■ ゼロ THE MAN OF THE CREATION

── 歴史と芸術を創造する孤高の贋作者

■ 作品が生まれた背景

『ゼロ THE MAN OF THE CREATION』(以下『ゼロ』)は、1992年に創刊された青年向け雑誌 『スーパージャンプ』(集英社) にて、原作:愛英史/作画:里見桂のタッグでスタートしました。
この雑誌はグルメ、美術、再現ミステリなど“大人の教養を刺激する漫画”を志向しており、そのコンセプトとぴったり合ったのが『ゼロ』だったのです。
“偽物ではなく、歴史の裏で本物を創る男”というコンセプトは、雑誌が求めるテーマに合致し、同誌の看板作品へと成長しました。


■ 人気エピソードをピックアップ

  • 「カレーライスの誕生」
     インドの秘境でゼロが編み出す、現代の誰もが愛するカレーライス。文化と歴史を俯瞰する哲学的アプローチが光ります。
  • 「ファスナーの創造」
     「服の開閉一つで人類はどう変わるのか?」という問いに挑む、技術と文明の関係性を考察する回。
  • 「ロボットの涙」
     感情を持つロボット創造という未来的テーマを扱い、人間と非人間の境界に鋭く迫ります。

どれも”普通の日常”に秘められた「創造」の瞬間をドラマチックに描写し、知的好奇心に満ちた名作として根強い人気を誇ります。


■ 制作秘話

構成の愛英史は「なぜその発明が必要だったのか」を丁寧にロジック化し、里見桂はその上にリアルなアートを描き上げることで知られています。
特に、食文化や歴史分野の回では専門家との取材や資料読み込みも徹底され、知的リアリティの融合が作品品質を支えました。


■ 発行部数・連載規模

  • 単行本は全78巻(電子版含む)
  • 公式な累計発行部数は不明とのことですが、スーパージャンプが廃刊となる2011年まで、20年近い長期連載が示すように、安定した人気を獲得していた作品です 。

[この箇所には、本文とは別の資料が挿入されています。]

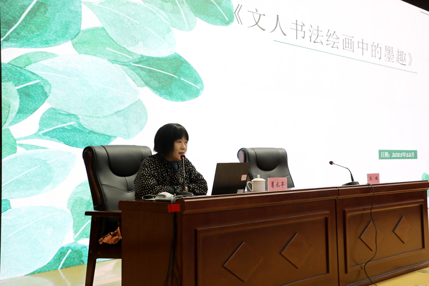 12月4日,由城乡建设学院承办的美育讲堂在书林堂举办,山西省文联主席、山西省女作家协会主席、山西大学文学院教授、著名作家葛水平应邀担任主讲嘉宾,作了题为《文人书法绘画中的墨趣》的专题讲座。校党委副书记李卫祥与学院党政领导、师生代表一同聆听,感受传统文化之美。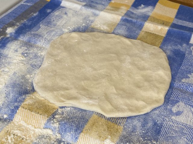 Mehl, Öl, Salz und Wasser in die Rührschüssel der KitchenAid geben und mit dem Knethaken auf zuerst Stufe 2 und dann Stufe 4 zu einem glatten Teig kneten. Den zu einer Kugel geformten Teig in Folie einwickeln und mindestens 30 Minuten bei Zimmertemperatur ruhen lassen.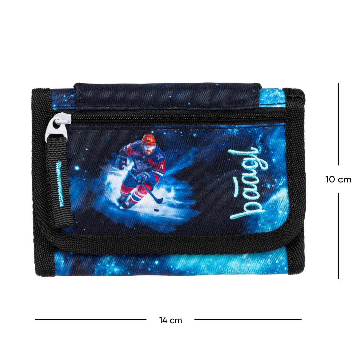 Blaue Geldbörse für junge Sportler und Eishockeyfans bietet ausreichend Platz für Essenschip, Fahrkarte und Taschengeld. Dank Namensschild und Halskordel hat das Schulkind alles Wichtige stets griffbereit.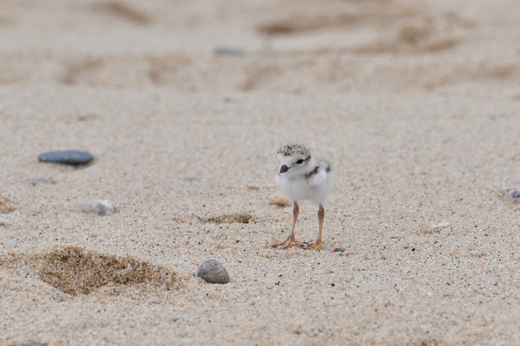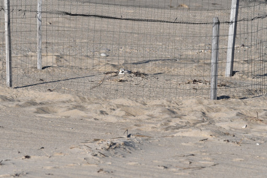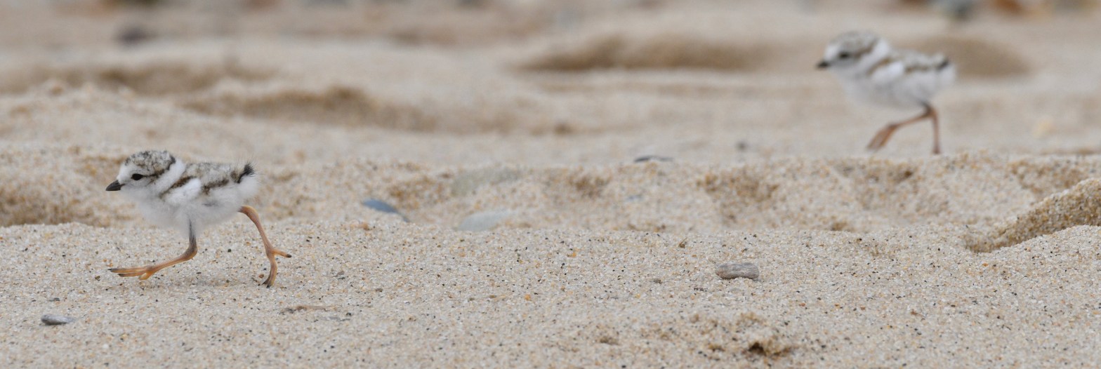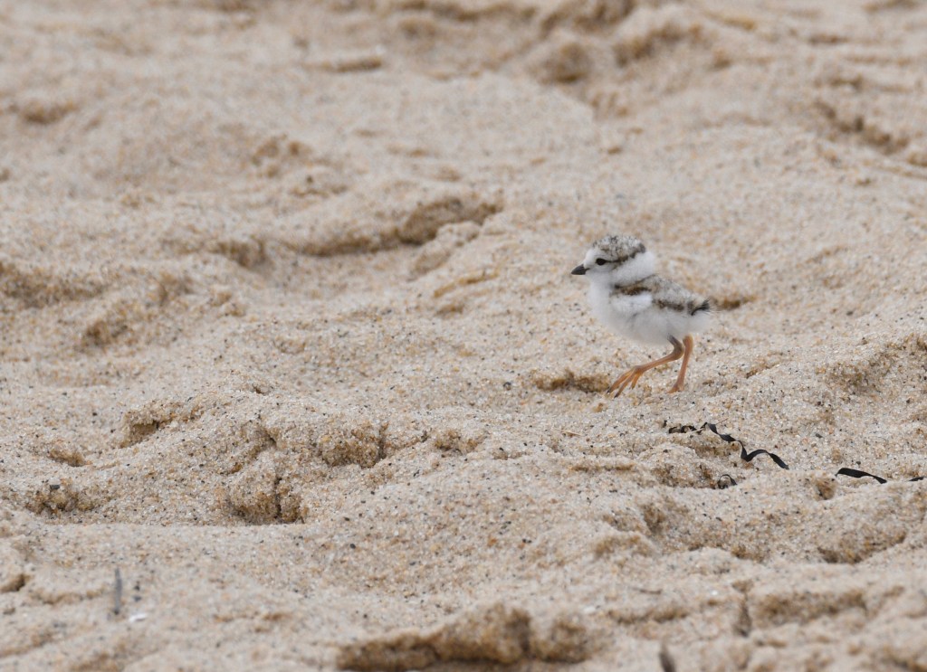 Fitting in – that is how they survive. They are small and fairly quiet. They have to blend in in order to last through the breeding season. They arrive back in the northeast in March and April and nest from May into June. If all goes well the chicks emerge in mid to late June and fly by mid -July. The sexes are similar; both being gray with an orange bill and a neck band. The female of a pair is usually discernible by being a bit less obviously marked around the neck and maybe a bit drabber overall. But sometimes it is a guess as to which its the male or female. From some angles it isn’t easy too tell drabber from non-drabber. The neck band is usually bolder in males and more complete. The pair stays together through the nesting season and both follow the precocious chicks around the beach after they hatch. They will make a flopping and noisy display to lure predators and visitors from the area where the chicks are located. They defend the territory and advise the chicks through chirps and whistles.Because beaches are heavily used by people there is often a good deal of waste food for gulls, foxes, coyotes, and crows to glean. The presence of these scavengers increases the pressure on the Piping Plover. So, the beach managers in New England (management is less attentive on many more southern beaches) will use what we first called an “enclosure” to protect the nest. But as the whole idea is for the plovers to be able to come and go it really doesn’t enclose much of anything. It really is an “exclosure” that repels crows, foxes, skunks, and other beach predators. This gives the birds the advantage of, at a minimum, hatching a full clutch.There are two kinds of bird babies: altricial and precocial. The altricial babies are hatched blind, featherless, and helpless. The familiar yard birds need parental care in the nest for a couple weeks. The precocious youngsters can walk or swim or both right after hatching. The obvious precocious young include ducks, grouse, shorebirds, and others like ostrich and tinamous. The parents may brood them in chilly or rainy weather and oversee the activities that the little ones undertake, but precocious young can feed themselves, and or swim, just after hatching. This little guy may be two days old but is still nothing but a bit of fluff on the beach.At this young age they are feeding themselves. Most plovers eat what they see. They follow motion and chase it down. The youngsters are born with this skill and are on the chase right away. The adults do not show them food nor bring them food. The parental role at this point is to keep predators and trouble away from the hatchlings. The male will assume most of this role after the first four or five days. Like many of the plovers the adults will chirp and walk obviously to attract the attention of a predator (or human pedestrian). If need be they will fake a broken wing and flop along the sand. A fox will be enticed and then disappointed when the “injured” bird flies away.

■ おすすめレビュー:知的好奇心を刺激するアドベンチャー

『ゼロ』は一話完結型の知的エンタメミステリー。
歴史や文化の「裏側」を知的冒険として見せてくれる点が非常に魅力。
制作者たちの徹底した取材によるリアリティ、そして人類の叡智を象徴する“創造の瞬間”の描写は、読むたびに発見と感動があります。
アート、歴史、科学、グルメ……さまざまなジャンルに広がる知識欲を満たしてくれる、大人の教養マンガとして強くおすすめです。